(Records contained in a dataset)

>>>

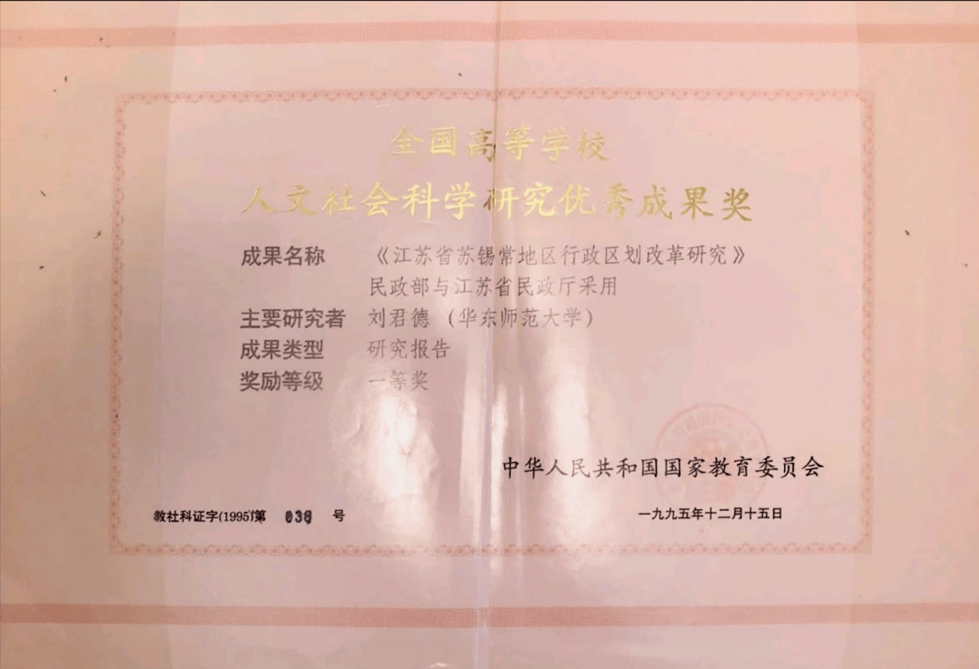 中心成立后,第一个重要课题就是对苏州、无锡、常州地区的行政区划研究,这也是中国第一次组织专家进行行政区划的战略研究。刘君德组织了八位学者,前后历时一年多,完成了研究报告《江苏省苏锡常地区行政区划改革研究》,报告包含数十万字与手工测绘地图100多张。报告递到民政部后,民政部高度认可了如此高效与细致的工作,报告主要内容被民政部与江苏省民政厅采用。而这一成果也获得了1995年由教育部颁发的全国高等学校人文社会科学政治学类研究优秀成果一等奖。
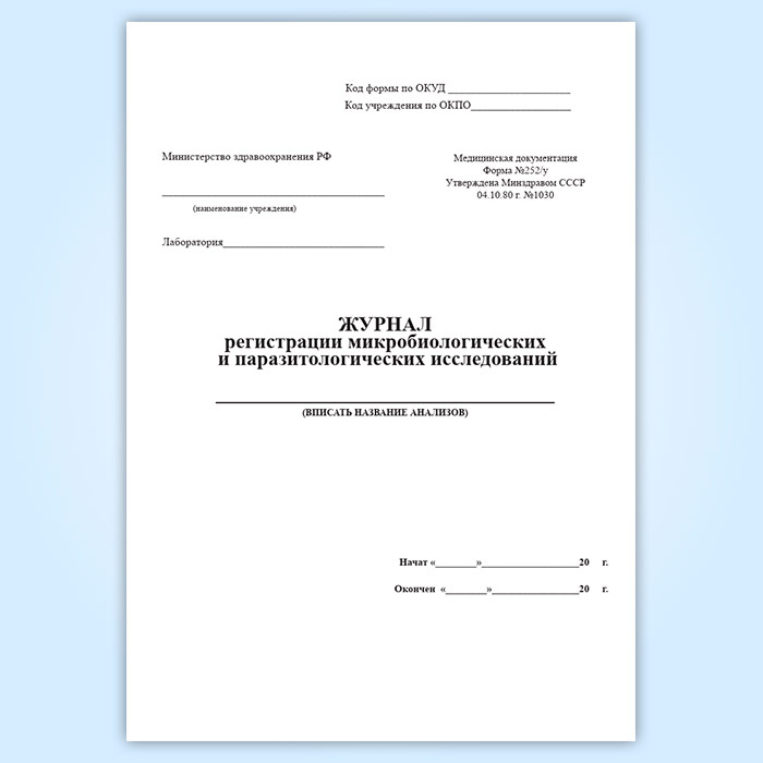 Журнал регистрации микробиологических и паразитологических исследований (форма 252/у) в Чите купить
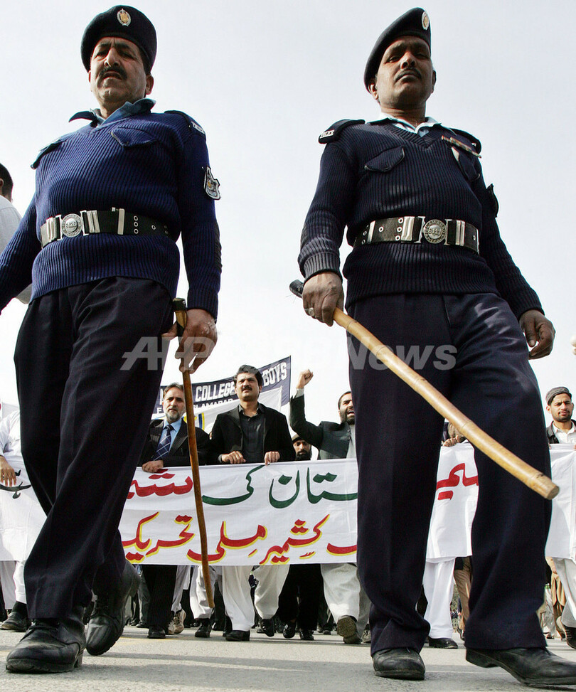 【イスラマバード/パキスタン 5日 AFP】首都イスラマバード(Islamabad)で5日、同日をカシミール地方の団結を示す日、Kashmir Solidarity Dayとして、インド側のカシミール地方を実効支配するインド政府に対するデモ行進が行われた。同地方の分離独立を求め、1989年にイスラム過激派がインド軍に対する武装闘争を開始して以来、戦闘は激化している。政府は、情勢の混乱でこれまでに4万4000人以上が死亡したと発表しているが、分離独立を求める勢力は犠牲者の数をその2倍にのぼるとみている。核保有国であるインド、パキスタン両国は2004年1月、カシミール地方をめぐる60年におよぶ対立を収束させるため、和平プロセスの協議を始めた。両国は同地方を部分的に支配。地方全土の領有を主張している。写真は5日、デモ行進に参加する人々。(c)AFP/Aamir QURESHI
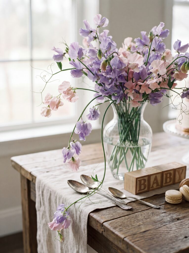 - Sweet peas — trailing and whimsical, in lavender, pink, and white
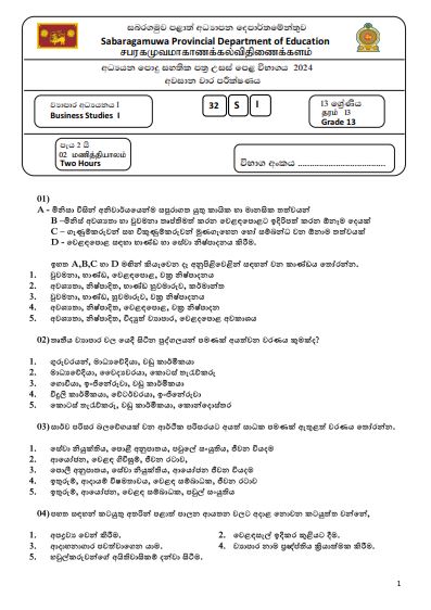2024 Sabaragamuwa Province Grade 13 Business Studies 3rd Term Test paper with answers, available for download in Sinhala medium. You can access the Sabaragamuwa Province term test paper in PDF format using the link below.
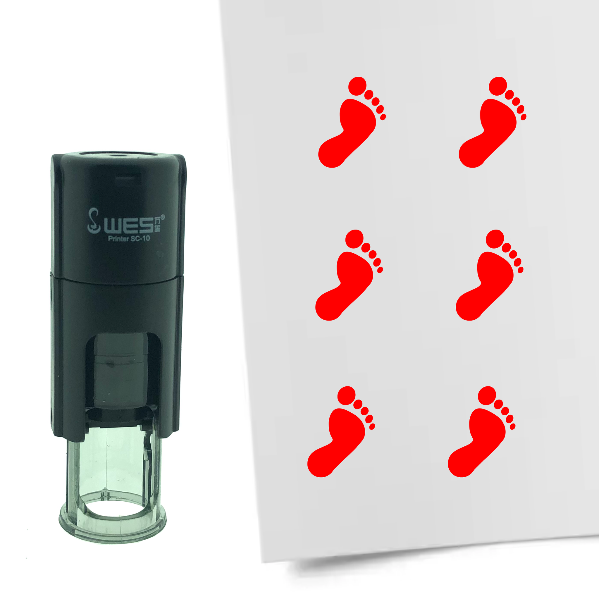 Mini stamp with a 10 mm round print of a foot in 6 colors. The stamp can be used for stamping loyalty cards, punch cards, bullet journals, planners, and more. It has a refillable ink pad.
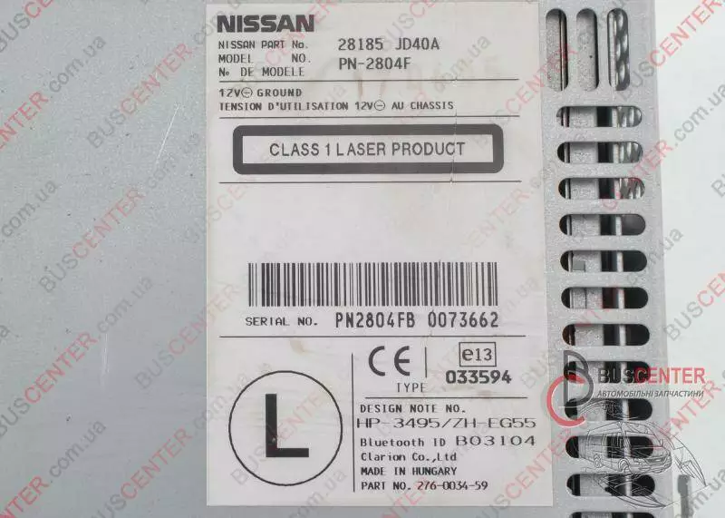 Автомагнитола MP3/ RADIO/ BLUETOOTH Nissan Qashqai 28185JD40A PN-2804F
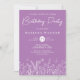Lavender Wildblumen Geburtstagsfeier Einladungen mit Blume in einem modernen Line-Design. Passen Sie Namen, Daten und Informationen an.
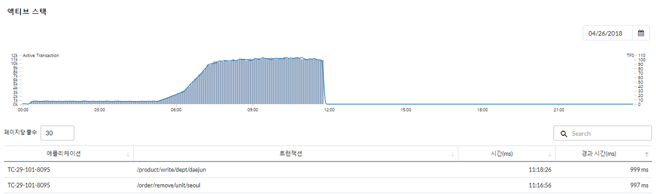 마지막으로 액티브 스택입니다. 액티브 스택은 WAS 서버와 URL 그리고 발생 시간을 기준으로 저장된 콜스택의 정보를 보여줍니다. 서비스 성능이 떨어진 시간대의 콜스택 정보를 확인 함으로써 메소드 구간에서의 튜닝 정보를 제공합니다.
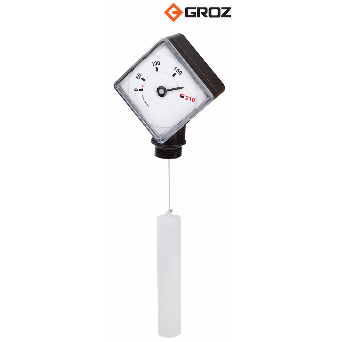 Firkantet analog skala fra 0-210 L. Polyethylen konstruktion med planetgear.
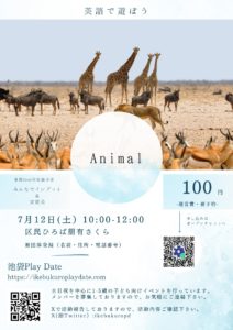 - 6/22(日)9:00〜12:00 英語で遊ぼうRain@区民ひろば朋有さくら
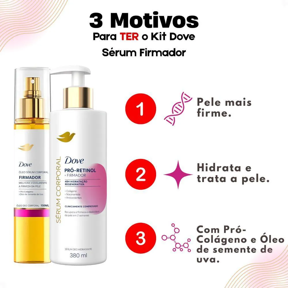 Kit Dove Firmador Pró-Retinol: Óleo Sérum Deo Corporal 150ml e Sérum Deo Hidratante 380ml
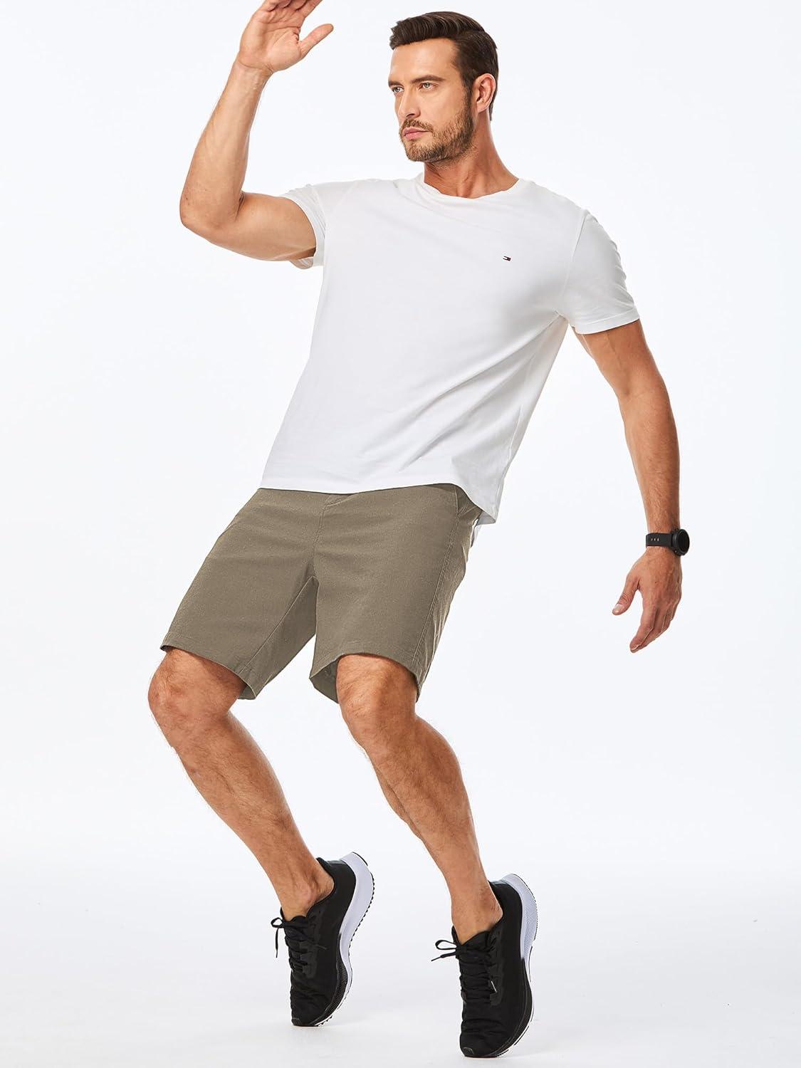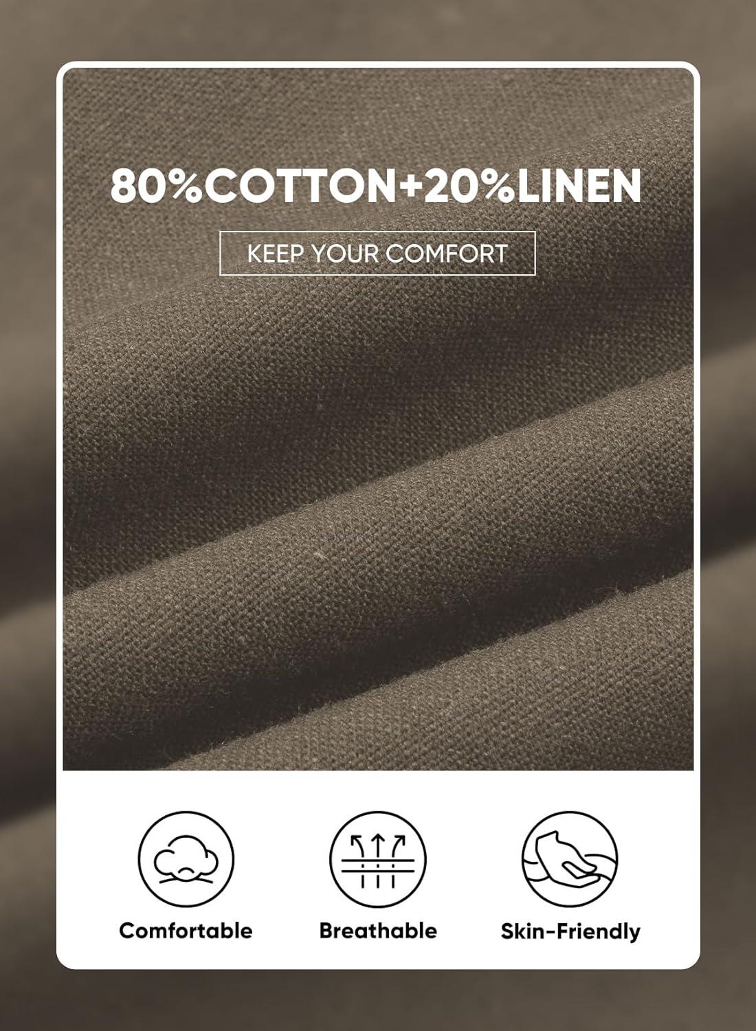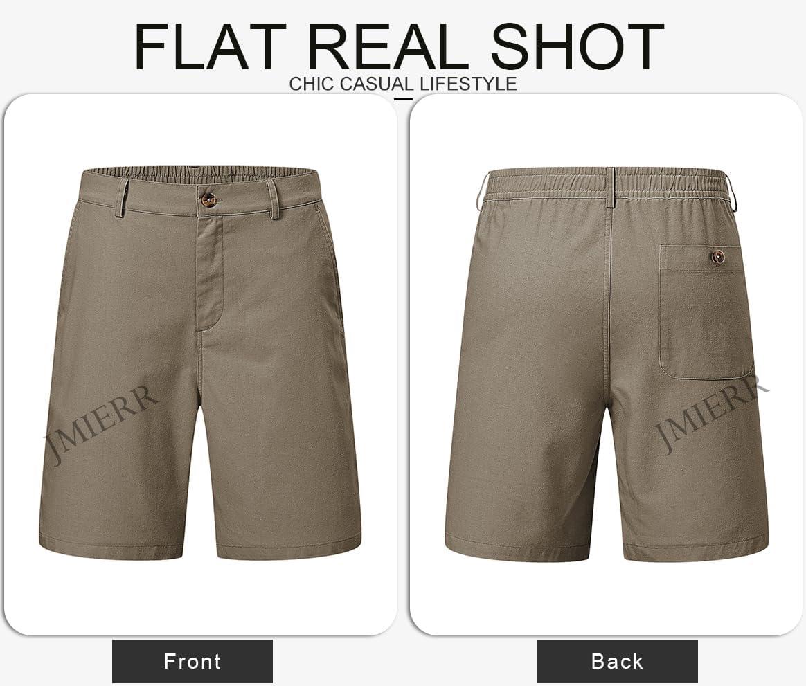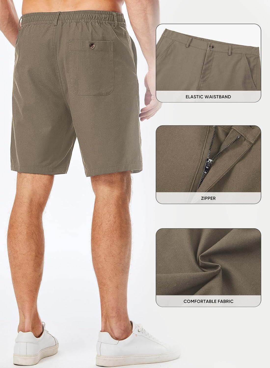 JMIERR Mens Casual 8″ Cotton Linen Shorts – Button Waist Summer Beach Shorts with Pockets(Light Green)
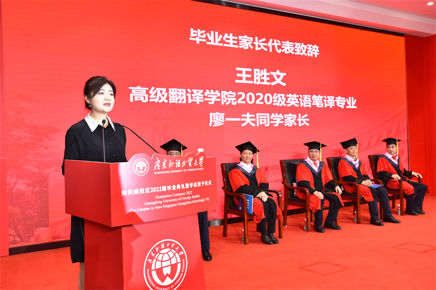 毕业生家长代表王胜文在致辞中提到,广外浓厚的学术氛围及勤奋、严谨、认真的良好学风,使同学们增长了知识,开阔了视野,更学会了责任和担当,希望同学们继续努力,成长为高素质的国际化人才。
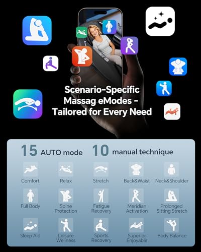Smart customized massage chair full body with 15 auto modes tailored to your lifestyle – sports recovery, fatigue recovery, sleep aid, prolonged sitting stretch,leisure wellness and more. Instantly find your perfect massage without complicated settings, delivering targeted relief exactly when you need it.
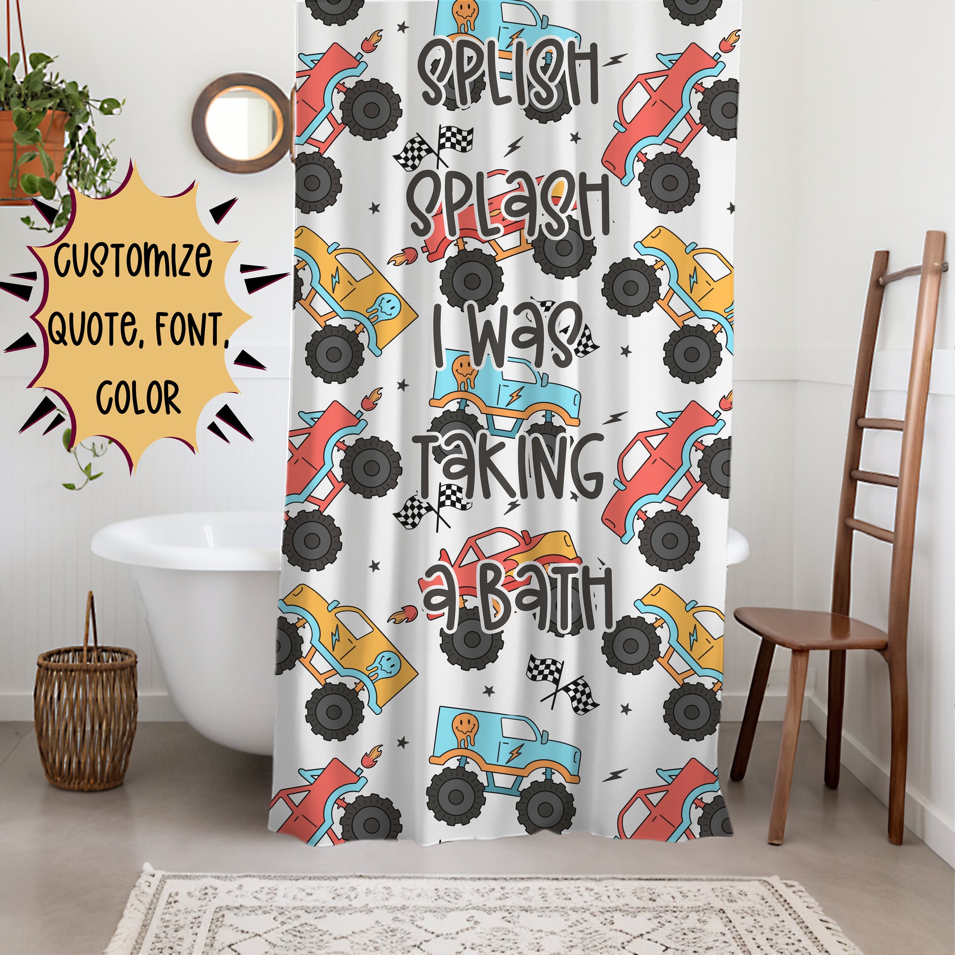 Transform your child's bathroom into a fun and vibrant space with our Personalized Boys Shower Curtain featuring a playful truck design. This custom shower curtain is perfect for boys who love trucks and will add a delightful touch to their bathroom decor.
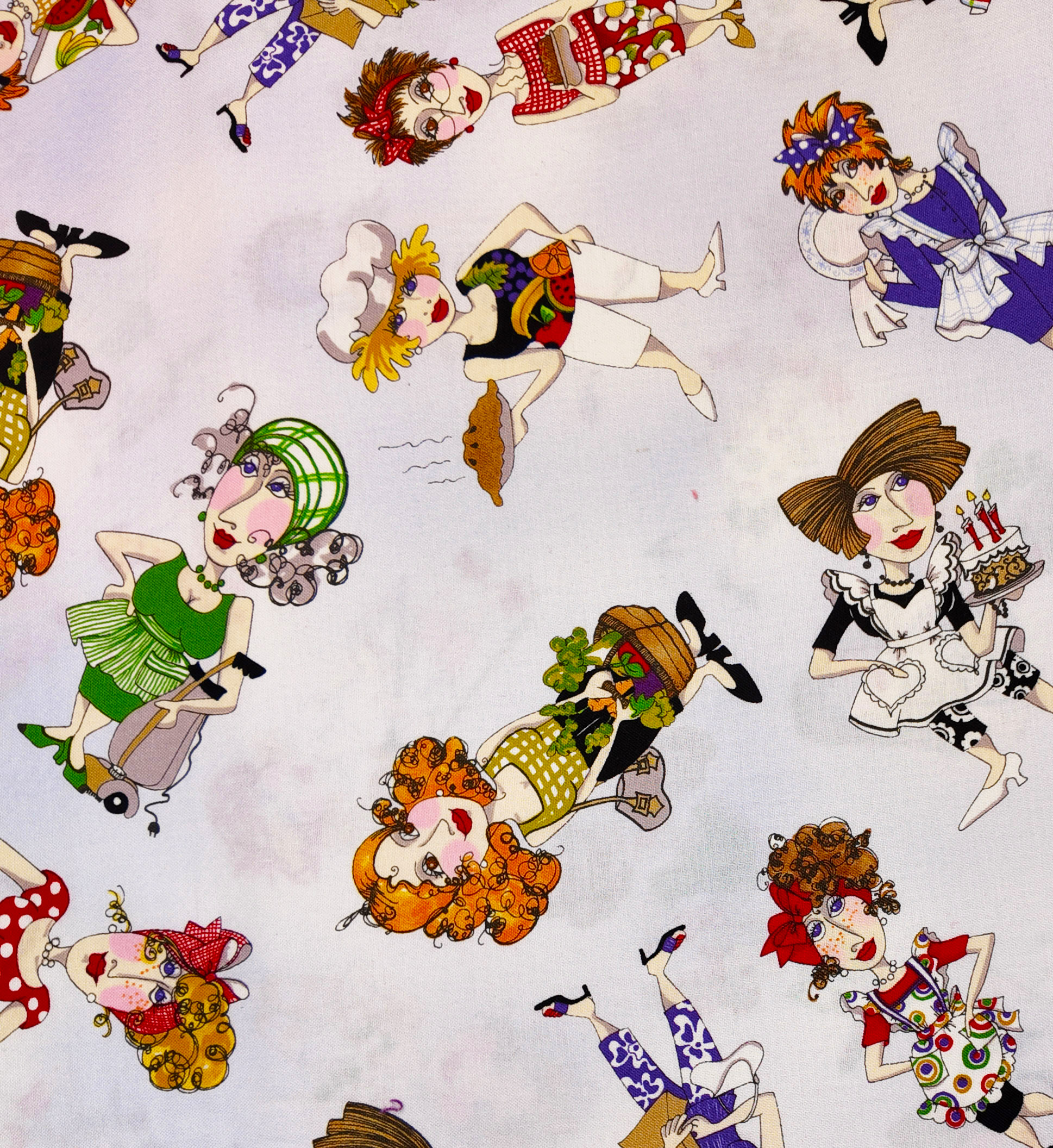 Des personnages féminins caricaturaux se promènent sur fond clair, chacune exprimant une fantaisie vive et pleine d’humour. Le dessin joue avec les postures et les couleurs pour un effet théâtral. Motif moyen et figuratif.

<<<

-- The problem --
The required output is the exact run of lines from the start of the records through the line containing "Журнал регистрации микробиологических", both ends included, with no pictures.

-- Answer area --
 中心成立后,第一个重要课题就是对苏州、无锡、常州地区的行政区划研究,这也是中国第一次组织专家进行行政区划的战略研究。刘君德组织了八位学者,前后历时一年多,完成了研究报告《江苏省苏锡常地区行政区划改革研究》,报告包含数十万字与手工测绘地图100多张。报告递到民政部后,民政部高度认可了如此高效与细致的工作,报告主要内容被民政部与江苏省民政厅采用。而这一成果也获得了1995年由教育部颁发的全国高等学校人文社会科学政治学类研究优秀成果一等奖。
 Журнал регистрации микробиологических и паразитологических исследований (форма 252/у) в Чите купить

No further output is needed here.